The good, bad and ugly in The City’s education 

If the San Francisco Unified School District were a student, it would probably receive a D based on the results of its mission to provide 56,000 students with “an equal opportunity to succeed by promoting intellectual growth, creativity, self-discipline, cultural sensitivity, and democratic responsibility.”

First, the good news: The 12.1 percent dropout rate in the 2009-10 school year is much better than the statewide dropout rate of 18.2 percent. And San Francisco’s rate is down considerably from three and four years ago, when it was 17.9 and 19.6 percent.

In addition, black and Latino students have made progress in closing the achievement gap with white and Asian students by increasing their math and English scores more than the district as a whole on the California Standard
Testing and Reporting exams.

And the district’s Academic Performance Index score of 791 (out of 1,000) for 2010 places it above the middle of the pack for unified school districts in the Bay Area, and represents a 16-point improvement over the preceding year.

Now for the bad news: The dropout rate has increased by 3 percentage points from the 2008-09 school year. And black and Latino students continue to drop out at a much higher rate (19 percent) than white (10 percent) and Asian (6 percent) students.

In addition, only 57.4 percent of San Francisco students in grades two through 11 are proficient or above in English, and only 55.6 percent in math, according to 2011 STAR testing. In other words, more than four out of every 10 students are unable to read, write or do arithmetic at a level that would enable them to succeed in college or in many occupations later in life.

And San Francisco’s API score trails the Palo Alto, Piedmont, San Ramon Valley, Pleasanton, Dublin, Scotts Valley, Albany, Fremont, Berkeley, Castro Valley, Novato, Benicia, Alameda, Milpitas, San Lorenzo Valley, Livermore Valley, Martinez, Travis, South San Francisco, Petaluma, San Rafael, San Jose and Shoreline school districts.

With such a lackluster level of academic performance, you would think the SFUSD board would be keen to do anything and everything it can to help provide students with an equal opportunity to succeed.

Which leads us to the ugly news: The board recently denied the application by a charter school with a track record of success in educating low-income students.

Rocketship Education has five campuses in low-income San Jose neighborhoods that are showing impressive results.

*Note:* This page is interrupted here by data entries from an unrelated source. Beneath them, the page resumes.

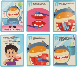 Šarene kartice s koracima četkanja zubi motiviraju djecu na redovitu i pravilnu brigu o osmijehu.
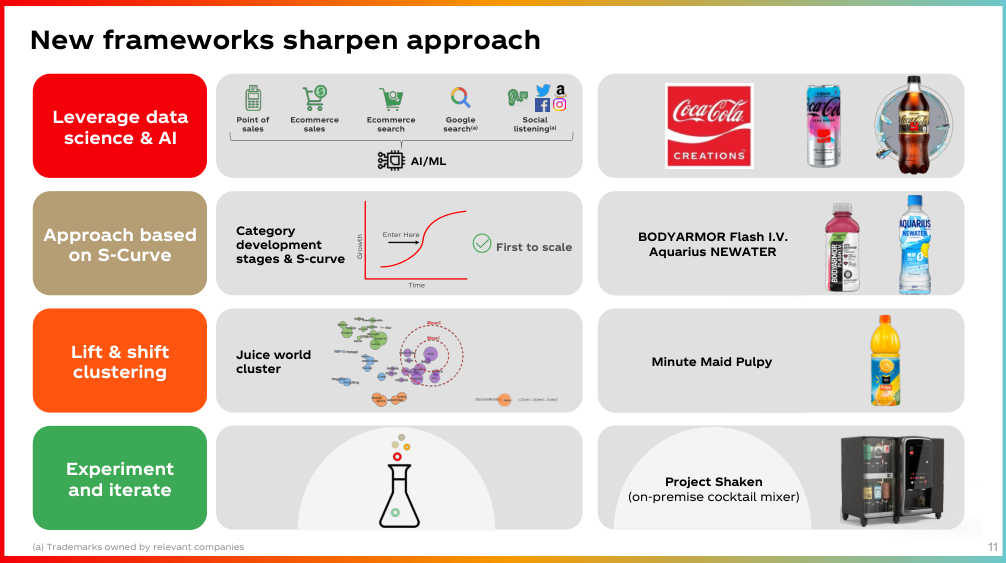 특히, 혁신의 질을 높이고 성공률을 극대화하기 위해 데이터 기반 접근 방식을 활용하고 있습니다. 시장 데이터, 소비자 인사이트, AI 분석을 통해 소비자 행동과 선호도를 파악하여 최적의 시점에 적합한 제품과 서비스를 출시하고 있습니다. 예를 들어, 코카콜라 Creations와 같은 새로운 제품은 특정 세대를 타겟으로 한 마케팅 전략을 통해 브랜드 가치를 높이는 데 성공했습니다.
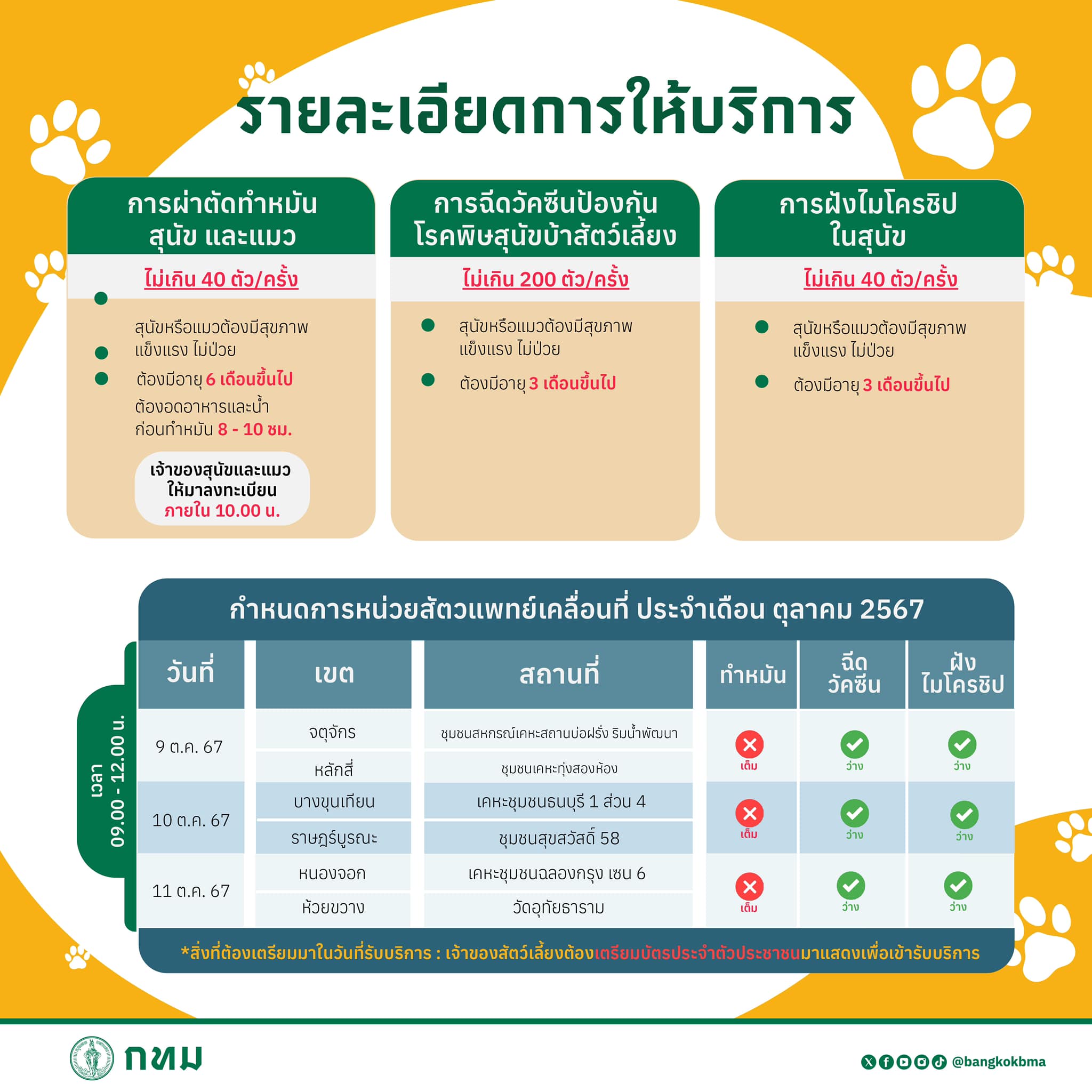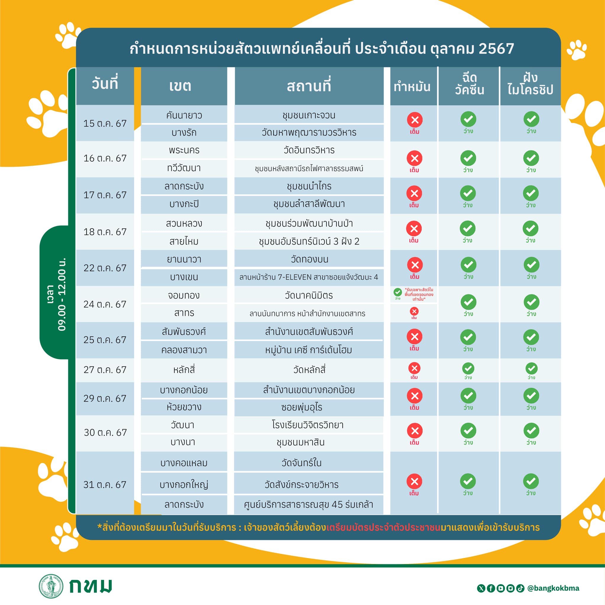 สำนักอนามัย กรุงเทพมหานคร ออกหน่วยสัตวแพทย์เคลื่อนที่ วันที่ 9 – 31 ตุลาคม 2567 เวลา 09.00 – 12.00 น.

Rocketship Mateo Sheedy Elementary earned an API score of 925 two years in a row — a 17 percent improvement over San Francisco’s API. Rocketship Sí Se Puede Academy earned an API score of 886 in its first year of operation.

Fortunately, Rocketship has appealed its application to the state Board of Education. Hopefully, it will be approved so that at least some of San Francisco’s low-income children will have a chance at success, instead of being forced into the mediocrity that prevails in the San Francisco Unified School District.